Creatures in most/all roguelikes I've played are generated like a D&D monster. Their HPs are rolled based on a format for each monster. This game seems to determine monster stats based on YOUR Str/Lvl/HPs. Whats worse is that the levels were not hashed out very well either, so for instance. A bat at first level is easy to beat. But if you gain strength and levels, you'll find a bat suddenly becomes much more difficult to beat. Thus its the first roguelike I've ever played that penalized you for experience.
There are 6 scrolls, 4 potions, 4 rings, 6-10 monsters, piles of food and GP, and mundane weapons/armor. Thats it. Period!
If you know the history of roguelikes, you know that the ASCII graphics were not used because ASCII is cool. They were a necessity because the data structures for player/monsters/items/dungeon level used up so much of the 16k or 32k array memory that you were left with virtually nothing for graphics. Well that and the fact that most of the mainframes the original roguelikes appeared on didn't really support graphics.
So basically the ascii graphics were used because the games for the time were too complex. This is definately not the case with this game. A half dozen monsters. Races, Sexes, and Character classes that are meaningless. No traps. No Doors. No Secret Doors. No special abilities, No special attacks, No special monster attacks or abilities. No ranged weapons. No wands, staffs, weapon modifiers, armor modifiers, shopkeeprs, special rooms. Although one of the scrolls does enchant armor. But that just puts the word enchanted next to your armor. It doesn't actually seem to improve your armor. Get the picture? This game is a roguelike in cosmetics only.

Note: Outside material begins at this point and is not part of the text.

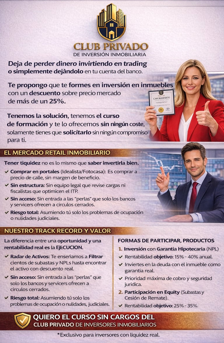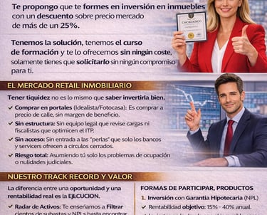 Nuestro objetivo es democratizar el acceso al conocimiento de la Inversión Inmobiliaria Judicial. A través de nuestra formación técnica y análisis de casos reales, trasladamos a nuestra comunidad de alumnos la capacidad de identificar oportunidades con márgenes que no existen en el mercado tradicional.

Infact. The character stats besides STR and HP seem to be completely meaningless. There is agility but it doesn't seem to affect combat noticeably. Then again it's hard to tell since as mentioned above raising your Str or HPs works against you.
So what are we left with? A game that attempts to exploit the roguelike genre for quick cash. At least at this point.
That being said I rated it a 4/5, and paid for it. Hopefully the writer will relize that the idea isn't just a quick way of jiving some cash out of roguelike fans, but a genuine underutilized genre that is in desperate need of a GOOD game.